In this call they said in nutraceuticals it is going to be B2B but in today’s call they are saying it is OTC / BTC

They just wanted to do everything along with their core competence, eg.

Alkali plants management
OTC products in Nutraceuticals (Will rely on contract manufacturing and sell on their name , I am not clear on this they said they leased a asset with 15 lakhs per month rent that asset will be used to manufacture and sometimes they said it is mainly taken from a 3rd party )
Ethonol - tone has changed they might not go ahead with this

CCS - Initial idea was setting up at Kurnool but they are setting up at Dahej (Looks like due to delays by AP government there will not be any investments in Kurnool )

All the capacities (under progress ones) will come online by FY24

CFO is jumping on everything :slight_smile:

Any idea why the stock price is still taking a beating? Results seem good and so does the commentary? Is it because of the capex which will not add to revenues until 2024?

Have they shared the receivables numbers? Cashflows went for a toss the last FY22 and this Quarterly they haven’t shared the balance sheet yet.

All thanks to @Chandragupta for gently nudging into asking difficult questions!
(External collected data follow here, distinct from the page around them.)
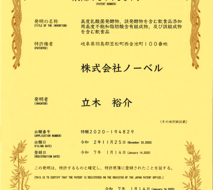 特許取得のお知らせ 株式会社ノーベルは特許を取得しましたのでお知らせします。 ■特許番号:第7619601号 詳しくは特許情報プラットフォームをご覧ください。 ■特許登録日:令和7年1月14日 ■発明の名称:高度乳酸菌 […]
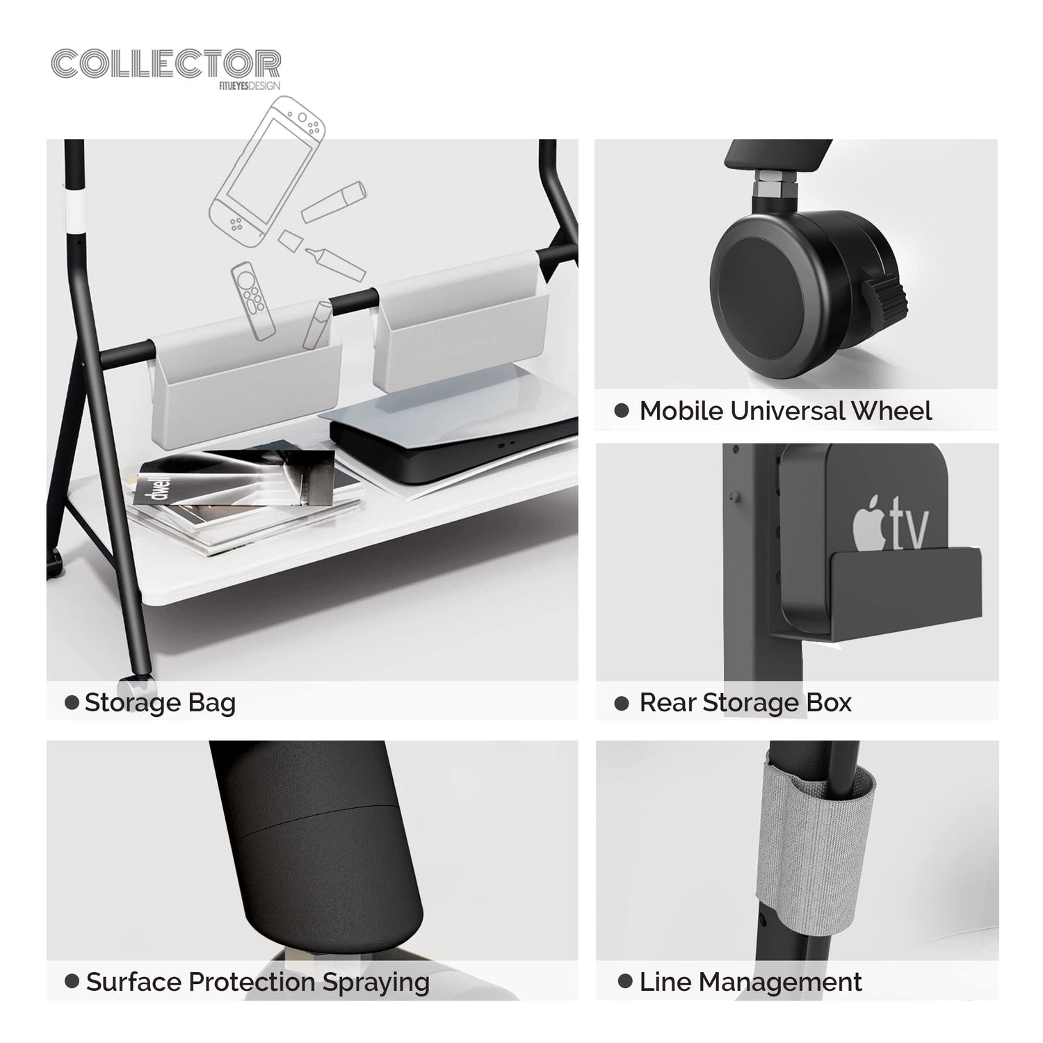 - TV stand with storage & cable management: This TV cart features a wood-textured shelf, a useful space for multimedia devices, remote controls, phones, magazines, or something else you want to keep handy. The storage bag of the rolling TV cart is a perfect choice for bits and pieces. This TV cart also equips a rear storage for TV box and cable management to organize the cables. With this corner TV stand, everything look neat and tidy!
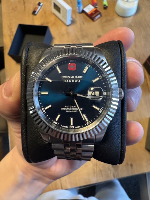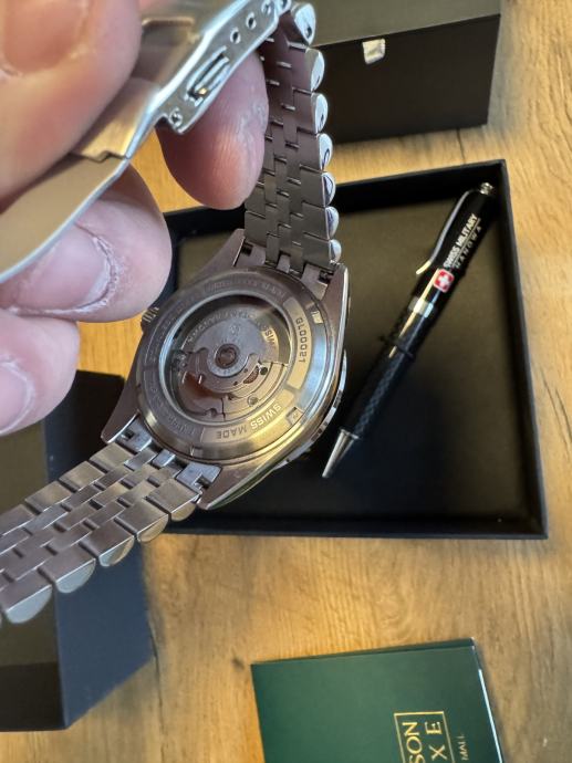 Prodajem muski sat swiss military hanowa datejust automatic. Kupljen u dubaiju za cca 600eur. Full set, linkovi, kutija s kemijskom, internacionalno jamstvo, racun. 41mm
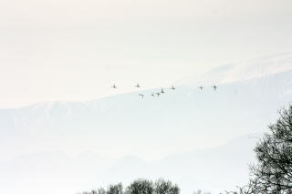 約20羽程度の白鳥を確認できました。編隊飛行、まだヘタで
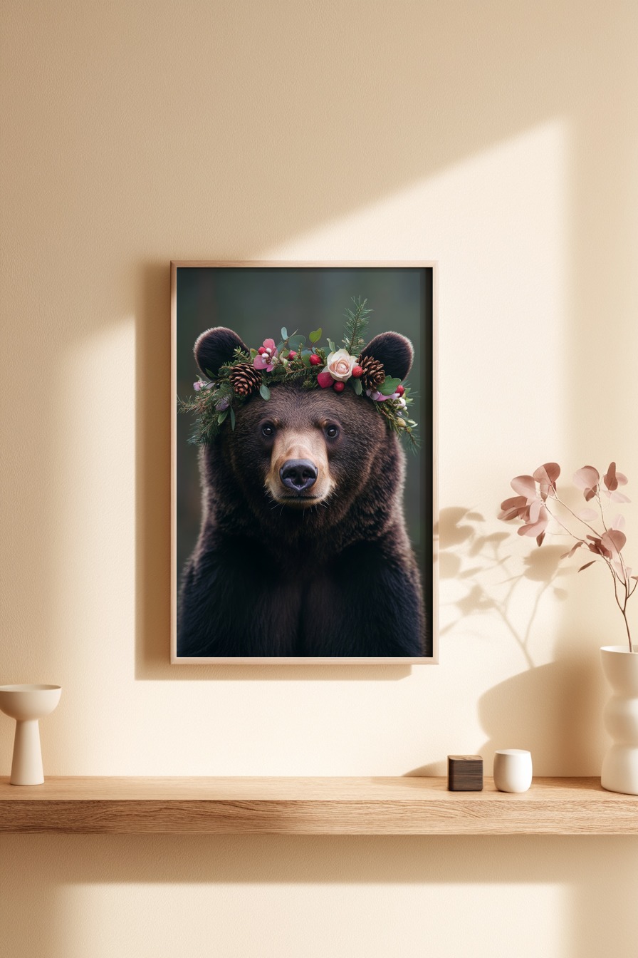 Ein ruhiges Porträt eines braunen Bären mit einem Kranz aus Kiefernzweigen, Tannenzapfen und Blüten auf dem Kopf. Gedruckt auf halbmattem 170 g/m² FSC-Papier, das die natürlichen Farben klar darstellt. Wird ungerahmt geliefert, ideal zum selbst Einrahmen oder als Hingucker allein an der Wand.

Apart from their core business, their entire communciation is something I would want to see last in any company. On one hand there is slower but more holistic growth that they could have targeted with their MCC and CCS market. There are exciting opportunities in the food industry for which they have communicated in the past and that it will grow faster than other verticals. But looks like they’re getting trapped by the short term or they are looking at some competition headwinds that we fail to realise.

The 1% royalty bit is something which makes the company a no go if they don’t back track and rectify it. Because of a lack of focus, the capital allocation can go for a toss. I wouldn’t want to buy an ethanol business via Sigachi. Nor would I want to buy a generic marketing one (can suck working capital, increase opex and takes a different kind of accumen to succeed). Topline isn’t that hard to increase per se. But will be difficult to do along with better or stable RoCE’s. That’s what their responsibility is but the soft signs are not very good.